_Work instructions:_ Transcription, pictures excluded: write out the data below exactly.

_Exercise data:_
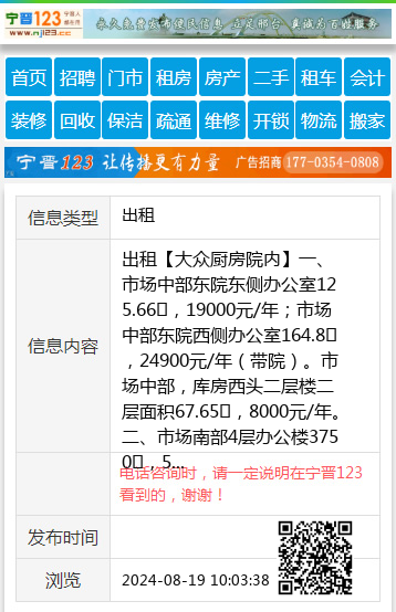 出租【大众厨房院内】一、市场中部东院东侧办公室125.66㎡,19000元/年;市场中部东院西侧办公室164.8㎡,24900元/年(带院)。市场中部,库房西头二层楼二层面积67.65㎡,8000元/年。二、市场南部4层办公楼3750㎡,540000元/年。三、市场南部2层办公楼542.3㎡,赠送独立小院,84000元/年。交通便利,简单装修,可用作办公室、培训机构、宾馆等。电话:3671616,13043190908 |
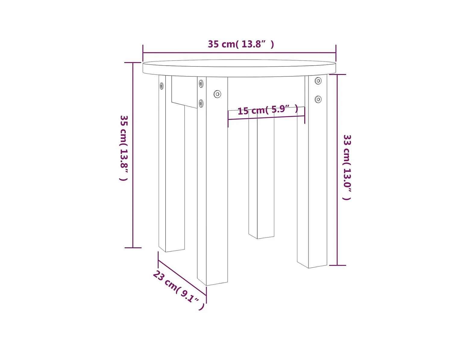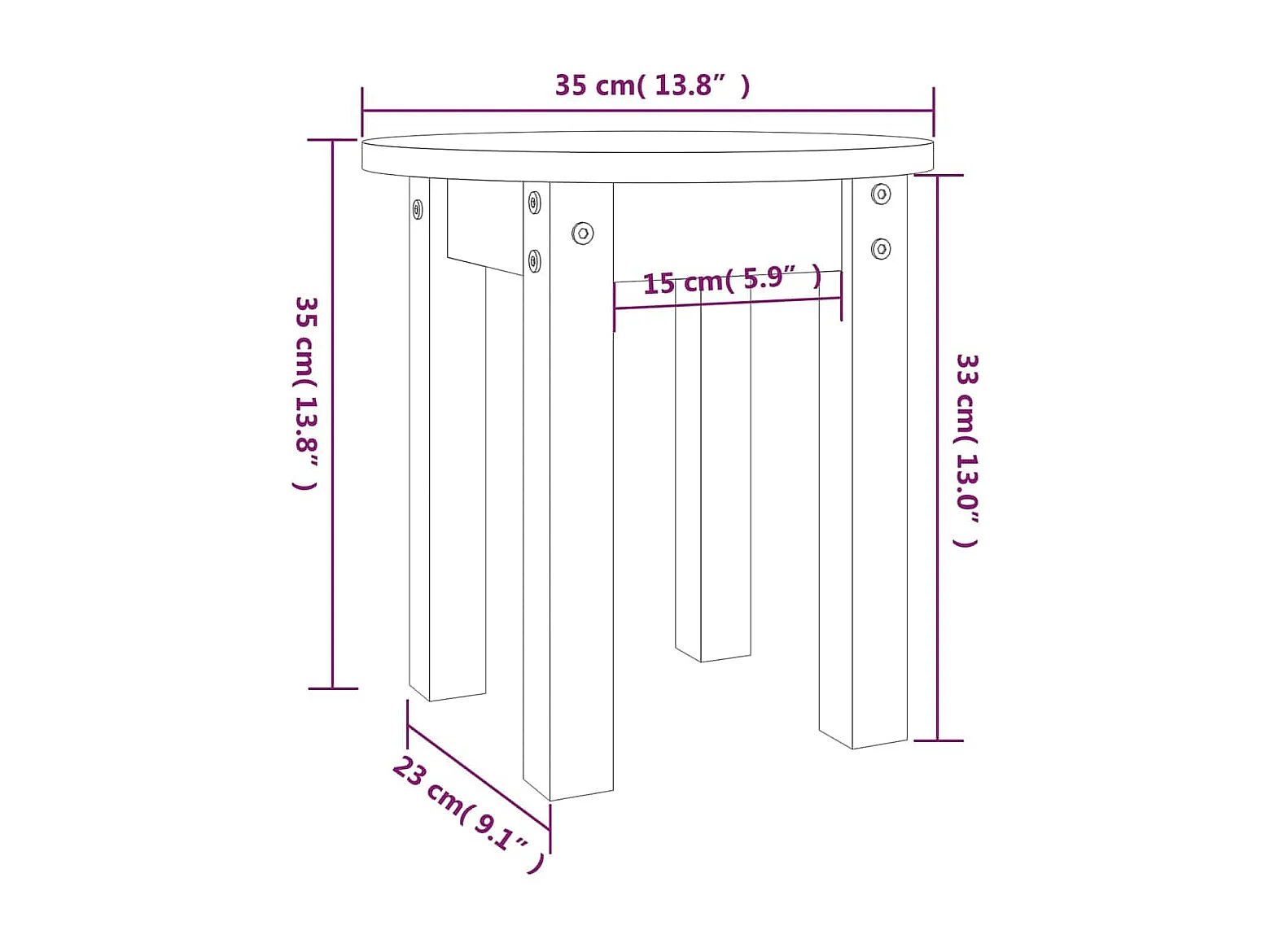 Couchtisch Grau Ø 35x35 cm Massivholz Kiefer
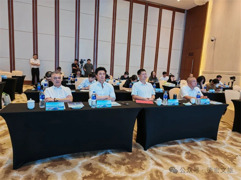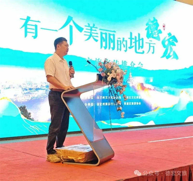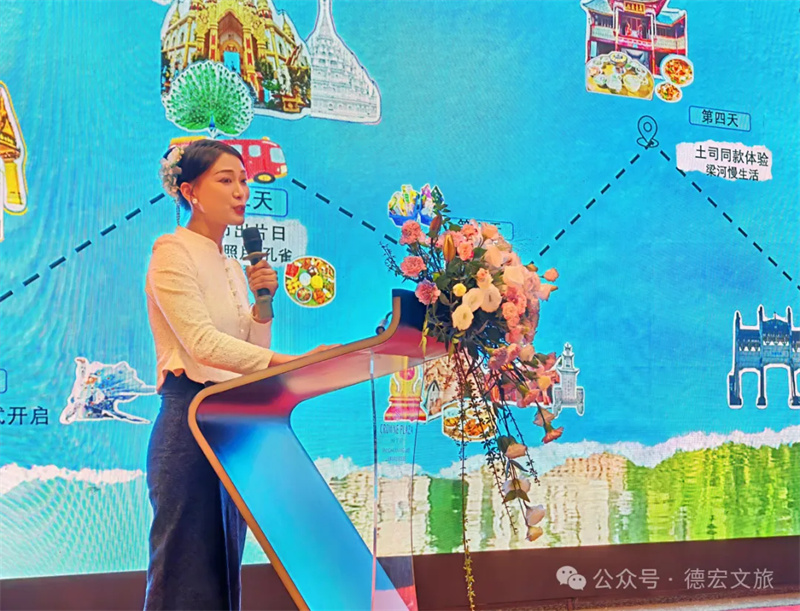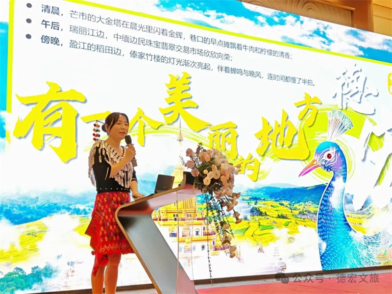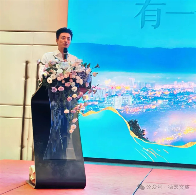会上,推介环节精彩纷呈。德宏州文化和旅游局宣传推广与对外交流合作科科长吴飞平进行了“旅居德宏”主题推介。德宏正全力打造“有一个美丽的地方”旅游金字招牌,是理想的旅居度假目的地。推介通过精美的图片、视频,全方位多维度的介绍,展示了德宏宜居、宜游、宜养的旅居资源与产品体系;德宏文旅推荐官周济蕊代表德宏州旅游行业协会现场发布了精心策划的“玩转德宏”旅游线路,为广大游客量身定制了涵盖生态观光、民族风情、边境体验、休闲康养的保姆级旅游行程。

_Reply to the task:_
 出租【大众厨房院内】一、市场中部东院东侧办公室125.66㎡,19000元/年;市场中部东院西侧办公室164.8㎡,24900元/年(带院)。市场中部,库房西头二层楼二层面积67.65㎡,8000元/年。二、市场南部4层办公楼3750㎡,540000元/年。三、市场南部2层办公楼542.3㎡,赠送独立小院,84000元/年。交通便利,简单装修,可用作办公室、培训机构、宾馆等。电话:3671616,13043190908 |
 Couchtisch Grau Ø 35x35 cm Massivholz Kiefer
会上,推介环节精彩纷呈。德宏州文化和旅游局宣传推广与对外交流合作科科长吴飞平进行了“旅居德宏”主题推介。德宏正全力打造“有一个美丽的地方”旅游金字招牌,是理想的旅居度假目的地。推介通过精美的图片、视频,全方位多维度的介绍,展示了德宏宜居、宜游、宜养的旅居资源与产品体系;德宏文旅推荐官周济蕊代表德宏州旅游行业协会现场发布了精心策划的“玩转德宏”旅游线路,为广大游客量身定制了涵盖生态观光、民族风情、边境体验、休闲康养的保姆级旅游行程。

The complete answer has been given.